Work out how many lines in the records below include the string "lower", and reply with that number alone.

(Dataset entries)
- Opening Delimiter -
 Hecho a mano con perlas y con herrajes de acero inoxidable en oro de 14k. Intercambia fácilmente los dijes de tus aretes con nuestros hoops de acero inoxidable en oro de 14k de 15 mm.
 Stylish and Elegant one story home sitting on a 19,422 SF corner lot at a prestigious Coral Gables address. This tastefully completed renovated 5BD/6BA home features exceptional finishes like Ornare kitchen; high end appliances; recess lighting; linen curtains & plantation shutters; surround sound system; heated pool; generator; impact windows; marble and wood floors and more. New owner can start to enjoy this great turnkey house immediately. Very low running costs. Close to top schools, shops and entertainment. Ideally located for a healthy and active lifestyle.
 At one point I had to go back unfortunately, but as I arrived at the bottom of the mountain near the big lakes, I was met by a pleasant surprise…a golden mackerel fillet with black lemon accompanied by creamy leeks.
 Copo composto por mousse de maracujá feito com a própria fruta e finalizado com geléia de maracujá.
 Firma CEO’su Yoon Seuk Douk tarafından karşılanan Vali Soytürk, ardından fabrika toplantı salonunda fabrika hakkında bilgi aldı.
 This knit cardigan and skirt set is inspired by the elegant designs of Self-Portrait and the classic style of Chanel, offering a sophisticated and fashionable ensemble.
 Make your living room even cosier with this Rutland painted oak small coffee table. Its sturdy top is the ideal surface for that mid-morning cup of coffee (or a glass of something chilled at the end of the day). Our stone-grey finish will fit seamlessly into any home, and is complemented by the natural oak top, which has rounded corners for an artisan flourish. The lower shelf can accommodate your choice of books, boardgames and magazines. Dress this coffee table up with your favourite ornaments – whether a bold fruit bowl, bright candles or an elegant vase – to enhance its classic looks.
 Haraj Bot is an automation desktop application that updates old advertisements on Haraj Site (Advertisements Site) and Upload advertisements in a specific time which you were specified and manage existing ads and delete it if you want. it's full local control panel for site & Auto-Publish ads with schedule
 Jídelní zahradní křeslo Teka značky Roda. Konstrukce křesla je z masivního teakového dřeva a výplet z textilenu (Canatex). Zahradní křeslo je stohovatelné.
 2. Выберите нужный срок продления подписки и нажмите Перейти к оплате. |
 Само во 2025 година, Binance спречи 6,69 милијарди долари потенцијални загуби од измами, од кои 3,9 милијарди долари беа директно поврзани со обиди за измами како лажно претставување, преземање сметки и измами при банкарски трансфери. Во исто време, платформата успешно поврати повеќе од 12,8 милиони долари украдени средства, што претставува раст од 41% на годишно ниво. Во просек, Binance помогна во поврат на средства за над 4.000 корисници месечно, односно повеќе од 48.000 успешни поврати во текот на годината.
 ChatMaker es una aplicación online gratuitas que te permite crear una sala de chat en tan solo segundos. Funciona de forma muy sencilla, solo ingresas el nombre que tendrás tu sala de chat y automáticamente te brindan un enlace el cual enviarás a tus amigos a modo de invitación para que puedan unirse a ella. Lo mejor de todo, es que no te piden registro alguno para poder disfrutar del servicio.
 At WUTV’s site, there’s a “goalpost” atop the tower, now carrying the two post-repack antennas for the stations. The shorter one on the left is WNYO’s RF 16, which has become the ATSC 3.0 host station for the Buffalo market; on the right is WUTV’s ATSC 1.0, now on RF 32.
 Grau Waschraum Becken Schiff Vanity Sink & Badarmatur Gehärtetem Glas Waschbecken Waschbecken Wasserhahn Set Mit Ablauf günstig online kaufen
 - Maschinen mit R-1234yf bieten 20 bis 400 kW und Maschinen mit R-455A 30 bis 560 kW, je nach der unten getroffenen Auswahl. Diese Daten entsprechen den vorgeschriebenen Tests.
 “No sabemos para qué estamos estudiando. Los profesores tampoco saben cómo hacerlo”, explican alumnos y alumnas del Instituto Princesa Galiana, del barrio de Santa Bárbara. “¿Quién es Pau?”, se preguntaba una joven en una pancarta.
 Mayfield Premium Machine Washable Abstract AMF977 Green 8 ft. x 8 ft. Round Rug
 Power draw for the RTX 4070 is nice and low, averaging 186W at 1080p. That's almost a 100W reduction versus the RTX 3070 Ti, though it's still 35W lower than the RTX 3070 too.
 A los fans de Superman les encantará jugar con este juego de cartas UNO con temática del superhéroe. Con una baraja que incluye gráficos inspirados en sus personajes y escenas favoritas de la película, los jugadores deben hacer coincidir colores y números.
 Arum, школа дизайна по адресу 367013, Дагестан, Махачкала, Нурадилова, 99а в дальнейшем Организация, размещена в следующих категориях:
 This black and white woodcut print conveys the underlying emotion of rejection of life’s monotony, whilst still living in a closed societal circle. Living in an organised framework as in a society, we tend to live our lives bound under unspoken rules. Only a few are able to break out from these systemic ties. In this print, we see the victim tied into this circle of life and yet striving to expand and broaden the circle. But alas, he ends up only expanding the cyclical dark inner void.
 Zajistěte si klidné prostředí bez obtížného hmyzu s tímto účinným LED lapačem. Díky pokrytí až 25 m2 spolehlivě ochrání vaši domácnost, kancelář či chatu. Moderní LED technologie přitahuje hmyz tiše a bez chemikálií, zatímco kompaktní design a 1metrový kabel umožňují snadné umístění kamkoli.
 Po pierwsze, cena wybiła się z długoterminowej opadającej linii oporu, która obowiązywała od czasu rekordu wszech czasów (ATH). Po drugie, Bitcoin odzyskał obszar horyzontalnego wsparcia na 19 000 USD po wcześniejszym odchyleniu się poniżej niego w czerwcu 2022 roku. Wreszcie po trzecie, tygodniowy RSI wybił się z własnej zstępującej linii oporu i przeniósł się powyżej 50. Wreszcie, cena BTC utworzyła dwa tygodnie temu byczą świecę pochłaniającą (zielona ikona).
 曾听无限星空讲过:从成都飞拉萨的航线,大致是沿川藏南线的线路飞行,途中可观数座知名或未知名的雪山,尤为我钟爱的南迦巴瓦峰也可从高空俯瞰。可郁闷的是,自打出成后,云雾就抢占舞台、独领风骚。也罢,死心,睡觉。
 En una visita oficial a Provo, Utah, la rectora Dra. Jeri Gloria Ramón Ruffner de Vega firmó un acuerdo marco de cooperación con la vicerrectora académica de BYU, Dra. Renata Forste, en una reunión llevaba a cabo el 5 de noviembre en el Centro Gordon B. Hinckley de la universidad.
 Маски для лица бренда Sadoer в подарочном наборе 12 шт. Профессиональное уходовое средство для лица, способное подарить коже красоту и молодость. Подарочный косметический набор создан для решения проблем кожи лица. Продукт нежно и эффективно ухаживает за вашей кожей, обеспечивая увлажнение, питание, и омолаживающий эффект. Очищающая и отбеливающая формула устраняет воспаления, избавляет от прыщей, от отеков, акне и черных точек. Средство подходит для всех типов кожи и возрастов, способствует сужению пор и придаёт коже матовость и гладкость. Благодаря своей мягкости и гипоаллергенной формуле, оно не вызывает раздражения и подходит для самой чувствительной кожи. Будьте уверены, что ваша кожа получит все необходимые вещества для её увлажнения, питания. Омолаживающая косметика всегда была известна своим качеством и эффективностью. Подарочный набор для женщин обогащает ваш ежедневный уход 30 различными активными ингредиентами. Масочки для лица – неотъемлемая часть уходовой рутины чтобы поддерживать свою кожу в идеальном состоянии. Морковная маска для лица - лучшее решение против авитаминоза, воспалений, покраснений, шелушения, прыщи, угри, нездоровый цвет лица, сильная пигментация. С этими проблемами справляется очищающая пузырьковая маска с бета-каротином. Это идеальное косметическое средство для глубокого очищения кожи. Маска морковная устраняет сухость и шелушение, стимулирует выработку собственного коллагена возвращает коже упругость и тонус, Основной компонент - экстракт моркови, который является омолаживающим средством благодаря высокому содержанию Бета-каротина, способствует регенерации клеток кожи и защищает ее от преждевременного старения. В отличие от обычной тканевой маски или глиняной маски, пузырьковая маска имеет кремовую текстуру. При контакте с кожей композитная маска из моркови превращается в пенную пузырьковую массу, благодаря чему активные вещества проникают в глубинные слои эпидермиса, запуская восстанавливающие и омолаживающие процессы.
- Closing Delimiter -
Task output: 2